Неожиданно я поймал себя на мысли, что меня больше интересует ее внутренний мир, а не внешняя привлекательность, и казалось мне, что ее душа должна быть необыкновенно прекрасной. Я стряхнул с себя наваждение и ощутил полную готовность помочь этой женщине всем, чем могу. Я стал еще внимательнее.
— Мне скоро двадцать семь, — продолжала она. — А я не замужем, и у меня нет детей. Все откладывала! Все думала: "Вот, не сегодня — завтра! Вот-вот! Со временем!"
Она тряхнула копной черных волос, посмотрела в окно и вдруг заплакала, тихо подрагивая плечами. Слезы бежали все обильнее.
Меня тронула ее искренность. Такое редкое явление в наши дни, ведь все больше встречается лукавство, иногда — истерика, вызванная нестабильной психикой. Увидеть непритворное движение души — большая удача. По крайней мере, в обстоятельствах моей профессии. И посему немудрено было предположить, что передо мной незаурядная личность. По-женски незаурядная.
— Я нормальная, нормальная, — твердила она, словно искала извинений и оправданий. — Я страдала, радовалась, и все ждала. Мне не в чем упрекнуть себя. Не в чем!
Я загрустил. Женщина, похоже, долго тешила себя надеждой, была скована ею. А надежда жестоко подвела ее — типичная ошибка лучших сегодняшних женщин. Особенно тех, кто верит в свои "Алые паруса", не меньше, чем героиня Александра Грина.
— Одиночество? — сочувственно произнес я.
— Какое одиночество! — с отчаянием прошептала она, склонив голову и закрыв глаза, — Безысходность душит. Я хочу объятий любимого мужчины, хочу простого бабьего счастья. Меня терзает невозможность насладиться им вдоволь, сказать себе: "Я счастлива!".

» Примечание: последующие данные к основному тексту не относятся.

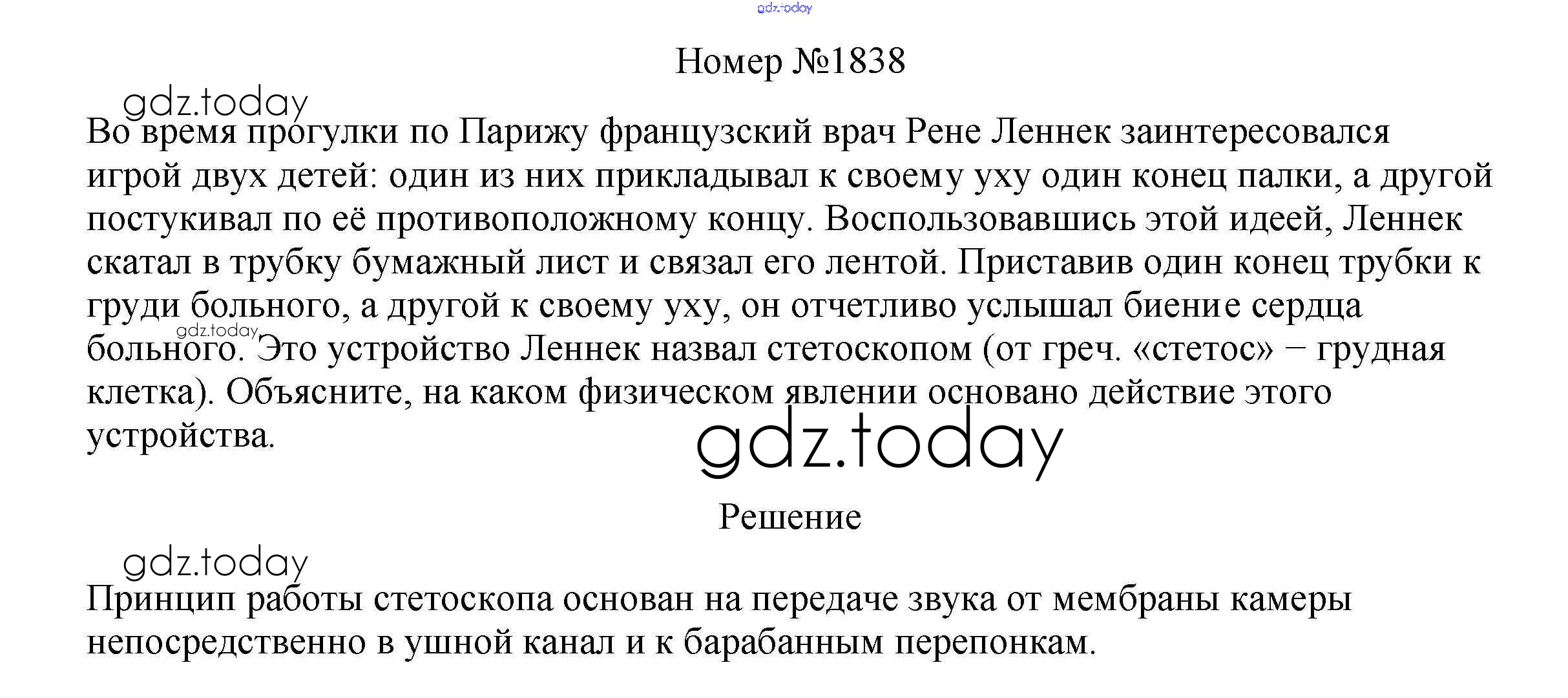 На страницах сайта gdz.today вы найдете учебный и вспомогательный материал, направленный на улучшения знаний школьной программы. ГДЗ - онлайн мир знаний Решение к заданиям 9 класс 1838 Сборнику вопросов и задач по Физике для 7-9 класса Марон, Позойский Дрофа Вертикаль 2013

Все у меня в жизни шло и проходит сквозь пальцы. И ничего у меня нет, а впереди неизвестность. От этих мыслей я испытываю чувство, очень похожее на то, какое бывает у брошенных родителями детей.
Наступило долгое молчание. Я ждал, что она скажет дальше и не мешал ее монологу даже вздохом.
— Обидно… — наконец, произнесла она. — Не раз пыталась, но я бессильна изменить в своей судьбе хоть что-нибудь. И не сомневаюсь, что если и дальше буду терзать себя подобными мыслями, у меня не выдержат нервы, я сорвусь. При одной только мысли об этом мне становится дурно. Поэтому я твержу себе, что должна смириться с роком и не мучить себя. И не мечтать.
Ее голос срывался на каждом слове, точно ей не хватало дыхания. Щеки покрылись красными пятнами, на лбу выступил мелкий пот. Так бывает при огромном усилии, которое человек совершает, преодолевая внутреннее сопротивление. А то, что вся ее природа сопротивлялась откровению, возможно, допущенному печальной красавицей впервые в жизни, было очевидно. Женщине, знающей себе цену, практически невозможно признаться в том, что я сейчас услышал. Самомнение таких особ обычно настолько высоко, что они готовы отказаться от личного счастья, лишь бы никто не усомнился в том, что ими можно не только восхищаться, но и жалеть их.
Видя, как ее прекрасное лицо тускнеет, я не на шутку встревожился и спросил:
— Вам плохо?
— О-о, Боже мой! — воскликнула она в слезах. — Мне больно…
Последние слова прозвучали совсем тихо, невнятно, точно боль не позволяла ей говорить громче.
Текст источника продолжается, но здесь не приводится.